Route to Nano Speech Model if Detected Language Confidence is Low | AssemblyAI

This guide will show you how to use AssemblyAI’s API to resubmit a request to the Nano Speech Model if the Universal Speech Model Automatic Language Detection’s language_confidence_threshold isn’t met. As the Nano Speech Model supports 99 languages compared to 17 by the Universal Speech Model, this workflow will route transcripts to the identified language code if it does not fit within our Universal supported languages. The following code uses the Python SDK.

Get Started

Before we begin, make sure you have an AssemblyAI account and an API key. You can sign up for an AssemblyAI account and get your API key from your dashboard.

Step-by-Step Instructions

Install the SDK:

$ pip install assemblyai

Import the assemblyai package and set the API key.

1 import assemblyai as aai
2 
3 aai.settings.api_key = "YOUR_API_KEY"

Define a Transcriber, an audio_url set to a link to the audio file, and a TranscriptionConfig with language_detection=True. For this Cookbook, to emphasize the Speech Model selected, we will also specify speech_model="universal". Finally, we need to define our language_confidence_threshold. For the purposes of this example, we’ll set it to 0.8, representing 80% confidence.

If a transcript ends up with a language_confidence below this value, the transcript will error out, and we’ll return the identified language that had the highest confidence. This is useful for cases where the language identified isn’t supported by our Universal speech model, wherein confidence will be very low, but the language is supported via Nano, where you can programmatically route this file.

1 transcriber = aai.Transcriber()
2 audio_url = ("https://example.org/audio.mp3")
3 
4 config = aai.TranscriptionConfig(speech_model=aai.SpeechModel.universal, language_detection=True, language_confidence_threshold=0.8)
5 transcript = transcriber.transcribe(audio_url, config)

If your transcript errors out with a language_confidence-related error, you can parse our error message to resubmit the file to Nano with the recommended language code. Since the original request to Universal failed with an error, there is no cost for this process, and re-routing the file to Nano will transcribe the file at a lower cost than Universal as well.

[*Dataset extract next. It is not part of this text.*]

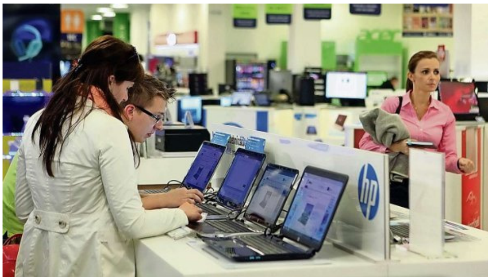
Showroom e-shopu firmy Alza.cz v Praze

Po dvaceti letech existence začal být pro největší český e-shop zdejší trh malý. Alza.cz proto expanduje do dalších 26 zemí, a od úterý tak začíná odesílat zboží do celé Evropské unie. Do zahraničí chce ze svého skladu dodávat celý svůj sortiment, pobočky v cizině ale zatím neplánuje.

For the purposes of this guide, we’ll include an example of what this error message looks like so you can choose to build your own parsing logic should you wish.

1 import re
2 
3 error = "detected language 'sv', confidence 0.22, is below the requested confidence threshold value of 0.8"  # Example message. Normally you'd access this error via transcript.error.
4 
5 # Check if this is an ALD confidence threshold error.
6 if "below the requested confidence threshold value" in error:
7     match = re.search(r"detected language '(\w+)'", error)
8     detected_language = match.group(1)
9 
10     new_config = aai.TranscriptionConfig(speech_model=aai.SpeechModel.nano, language_code=detected_language)
11 
12     transcript = transcriber.transcribe(audio_url, new_config)
13 
14     print(transcript.text)

The resulting transcript will now be in the language we identified with our ALD model, and will have been routed to the correct speech_model with no human intervention needed and at a lower cost than having it incorrectly transcribed via Universal without this form of error checking.